Today, however, the poem is probably much more famous for being "that other ancient Middle Eastern saga in which a geezer builds a humongous boat and fills it with animals to escape a Global Flood." But to be clear, the Gilgamesh Epic is not in any sense "about" the Flood. Gilgamesh himself isn't a witness to the deluge, which occurred long before he was born; here, the Flood is a story-within-a-story that another character relates in the past tense, and only near the end of the Epic.

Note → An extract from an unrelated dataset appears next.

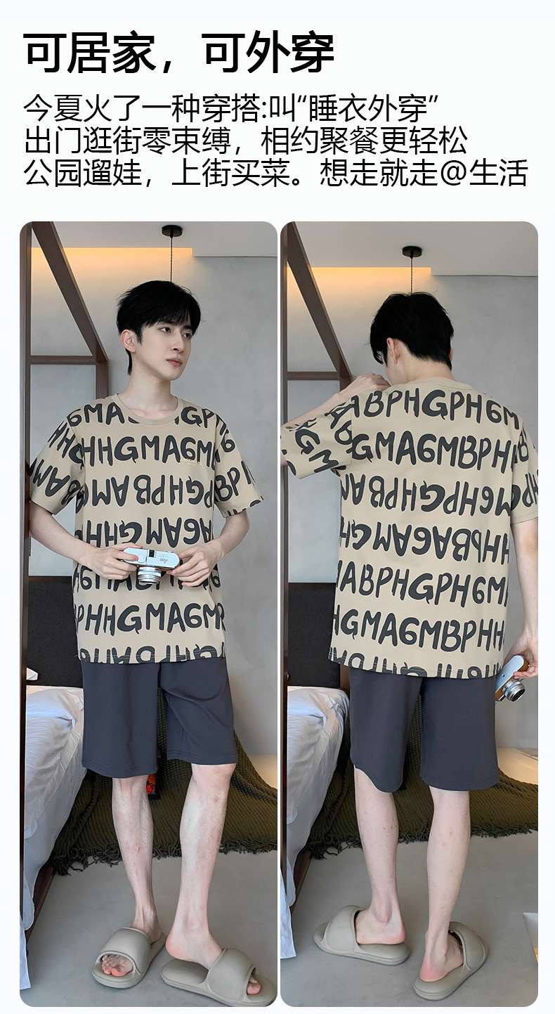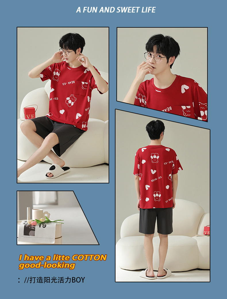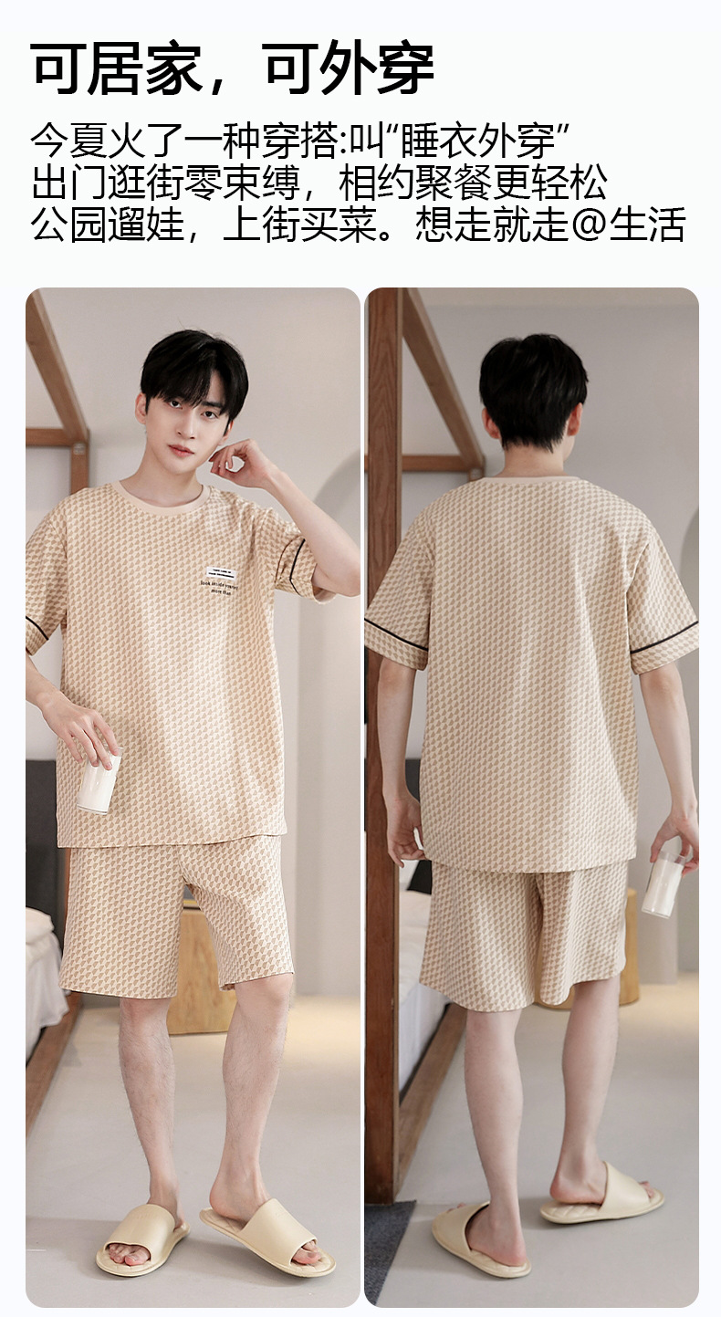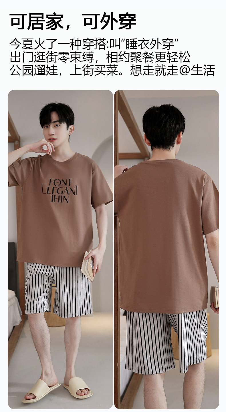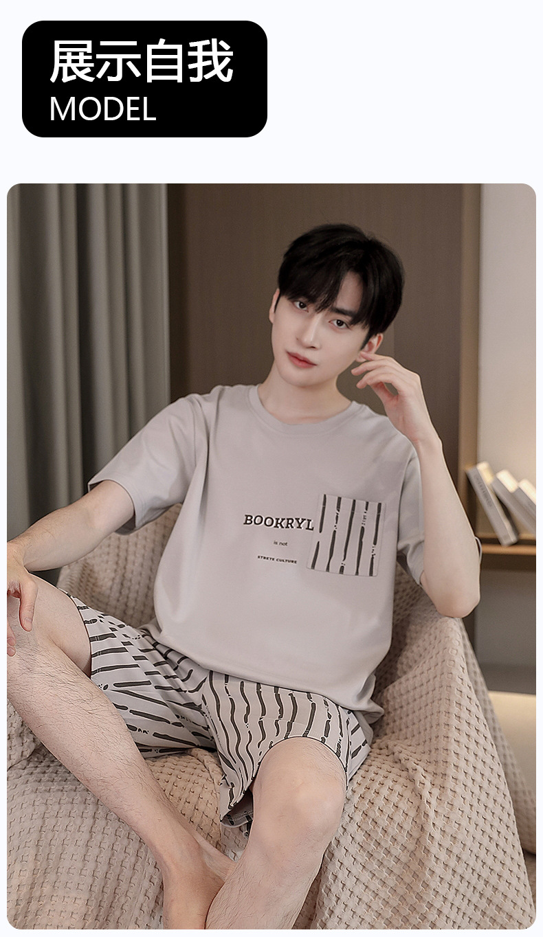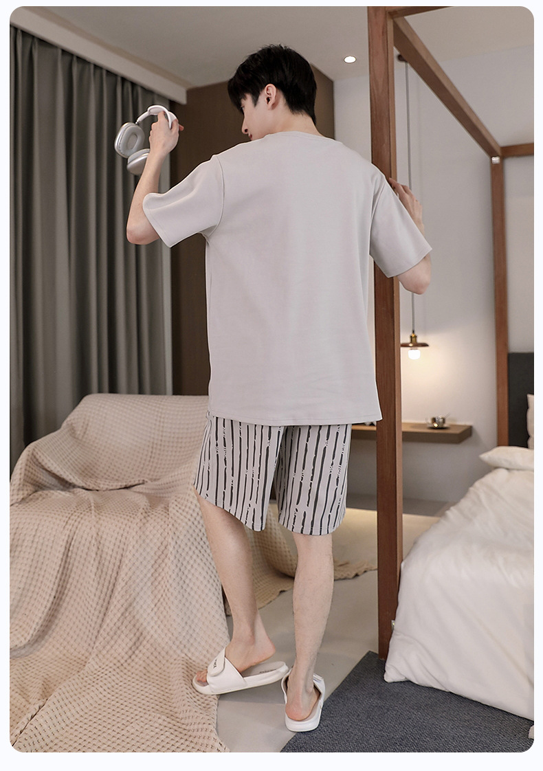 퓨어 코튼 파자마 남자 여름 반팔 반바지 얇은 청소년 캐주얼 스포츠 간단한 라운드 넥 홈웨어 외주스토어 가기

In the broadest terms, the Epic's major plot arc describes how a superhuman-but-mortal Sumerian king, traumatized by the death of his best friend, tries and fails to discover the secret of eternal life -- yet although he fails to attain literal immortality, his Fame becomes immortal.

Compared with the works of Homer or Vergil's Aeneid, this "epic" is fairly brief -- the David Ferry version comes in at just under 90 pages. But since not everyone enjoys wading through long poems in iambic-pentameter couplets, and since it's full of unfamiliar Sumerian or Akkadian names that are sometimes easy to confuse, I've put together a handy-dandy "Cliff Notes" guide for lazy kollidge stoonts:
  • Contents
  1. General Background
  2. Tablet-by-Tablet Plot Summary
  3. Glossary of Persons and Places
  4. The Two Flood Narratives Compared
  5. Gil & Enk: Friends, or "Friends"?? (if you know what I mean, ahem)
Most of what follows comes from my own notes that I jotted down while reading and re-reading the poem, though certain comments about geography, history, and linguistics were gleaned and/or fact-checked with various textbooks and wikipedia. Bracketed text in red italics is my own thinking-out-loud speculation about the possible symbolism, and shouldn't be taken as representing actual scholarly consensus!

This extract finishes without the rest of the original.